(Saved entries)
_____

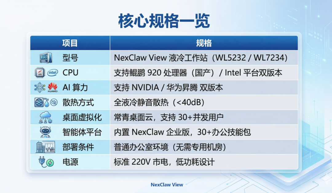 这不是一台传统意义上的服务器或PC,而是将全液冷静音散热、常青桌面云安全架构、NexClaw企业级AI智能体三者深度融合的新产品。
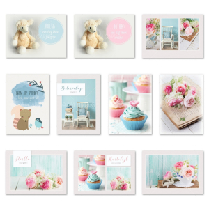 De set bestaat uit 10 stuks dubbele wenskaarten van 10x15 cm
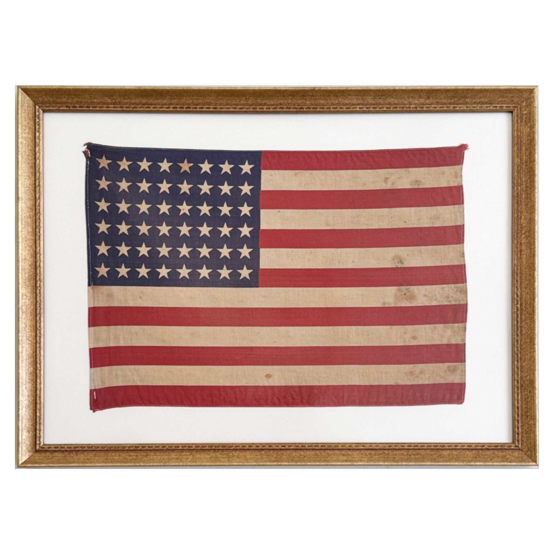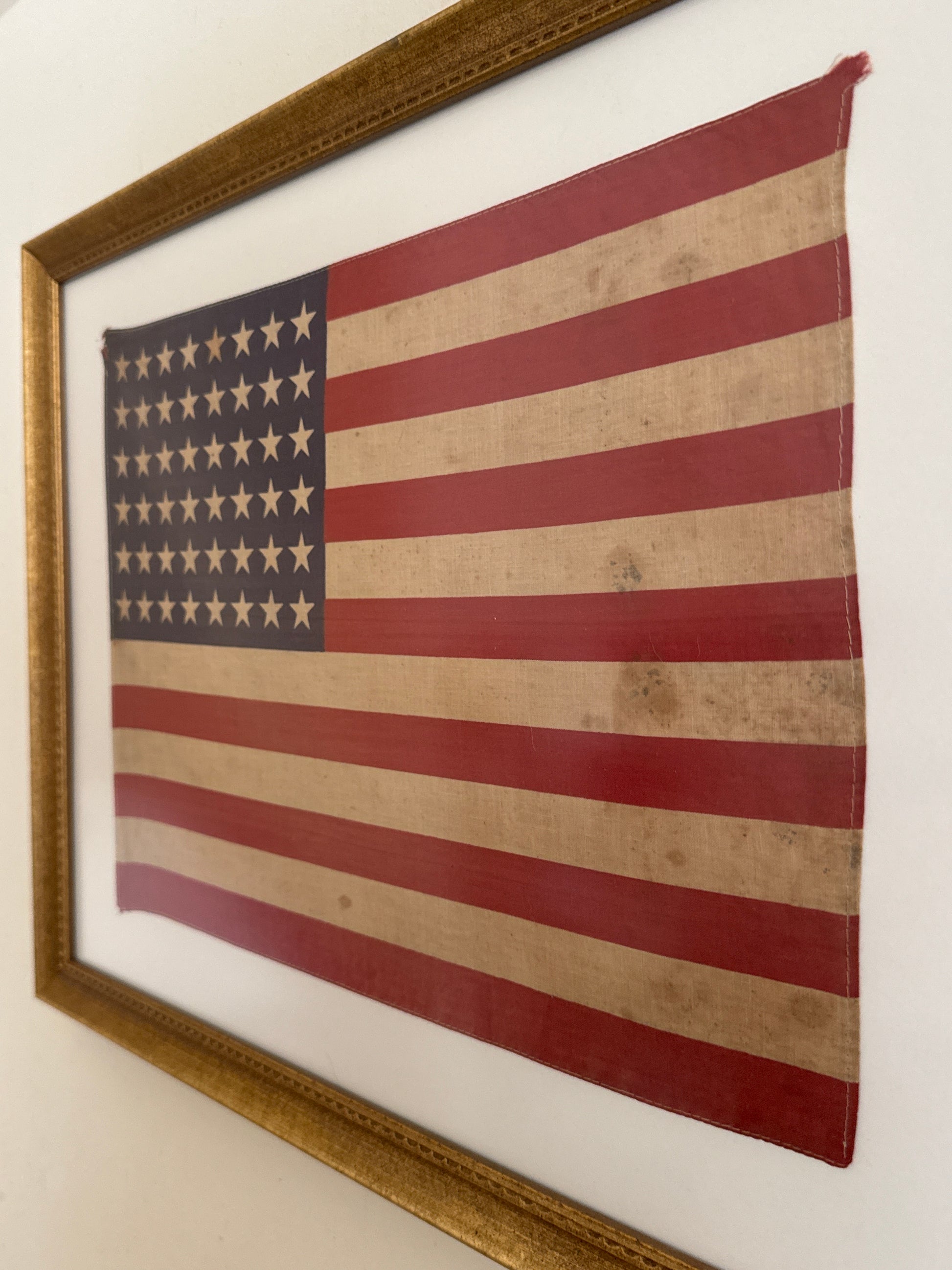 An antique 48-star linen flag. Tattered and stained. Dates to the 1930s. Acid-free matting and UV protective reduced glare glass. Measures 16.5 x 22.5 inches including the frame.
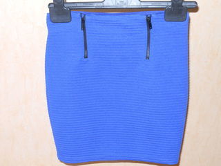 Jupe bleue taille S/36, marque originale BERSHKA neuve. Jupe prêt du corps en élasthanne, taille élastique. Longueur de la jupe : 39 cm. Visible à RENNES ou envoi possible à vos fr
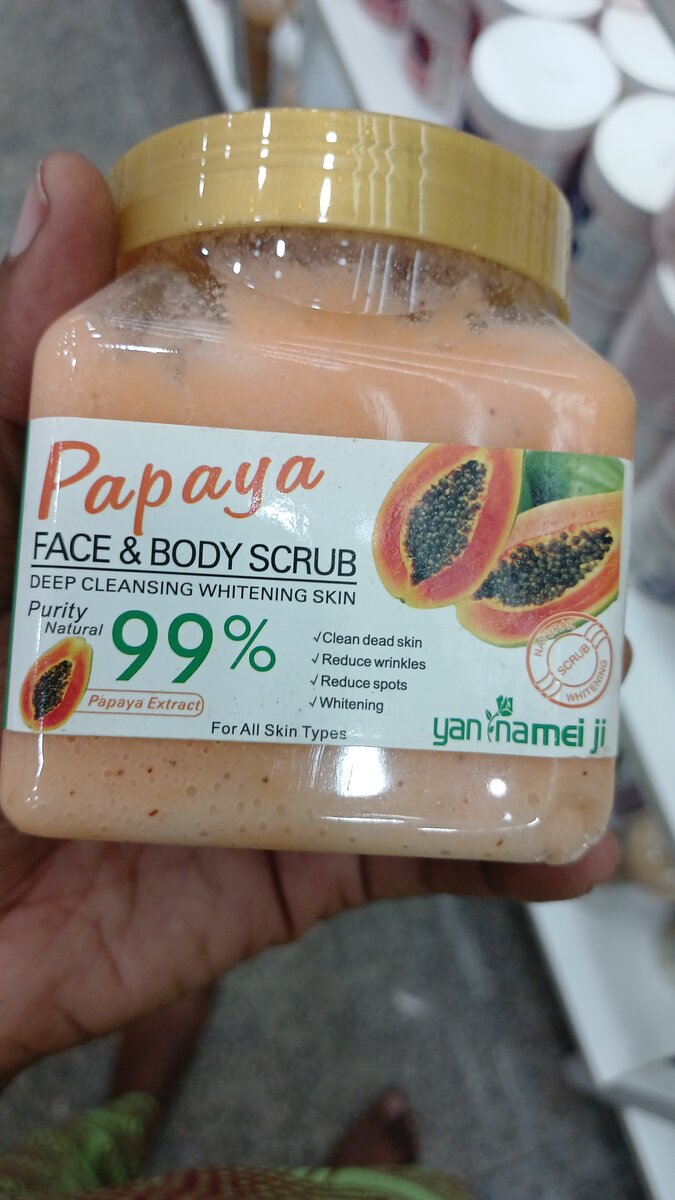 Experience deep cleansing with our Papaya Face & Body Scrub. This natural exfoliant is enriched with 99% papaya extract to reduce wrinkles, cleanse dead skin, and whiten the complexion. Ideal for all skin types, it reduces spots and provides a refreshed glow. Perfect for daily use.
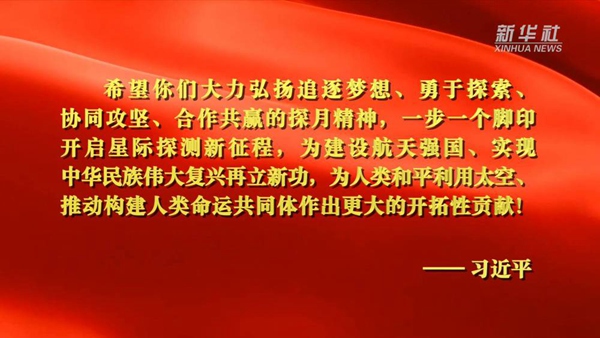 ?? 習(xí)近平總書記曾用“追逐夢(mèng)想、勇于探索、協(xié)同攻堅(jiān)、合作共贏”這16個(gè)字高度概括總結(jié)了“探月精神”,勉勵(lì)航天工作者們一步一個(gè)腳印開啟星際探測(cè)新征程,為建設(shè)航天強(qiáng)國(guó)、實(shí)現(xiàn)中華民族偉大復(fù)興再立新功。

_____

TASK DETAILS:
Return the data word for word without its pictures.

RESPONSE AREA:
 这不是一台传统意义上的服务器或PC,而是将全液冷静音散热、常青桌面云安全架构、NexClaw企业级AI智能体三者深度融合的新产品。
 De set bestaat uit 10 stuks dubbele wenskaarten van 10x15 cm
 An antique 48-star linen flag. Tattered and stained. Dates to the 1930s. Acid-free matting and UV protective reduced glare glass. Measures 16.5 x 22.5 inches including the frame.
 Jupe bleue taille S/36, marque originale BERSHKA neuve. Jupe prêt du corps en élasthanne, taille élastique. Longueur de la jupe : 39 cm. Visible à RENNES ou envoi possible à vos fr
 Experience deep cleansing with our Papaya Face & Body Scrub. This natural exfoliant is enriched with 99% papaya extract to reduce wrinkles, cleanse dead skin, and whiten the complexion. Ideal for all skin types, it reduces spots and provides a refreshed glow. Perfect for daily use.
 ?? 習(xí)近平總書記曾用“追逐夢(mèng)想、勇于探索、協(xié)同攻堅(jiān)、合作共贏”這16個(gè)字高度概括總結(jié)了“探月精神”,勉勵(lì)航天工作者們一步一個(gè)腳印開啟星際探測(cè)新征程,為建設(shè)航天強(qiáng)國(guó)、實(shí)現(xiàn)中華民族偉大復(fù)興再立新功。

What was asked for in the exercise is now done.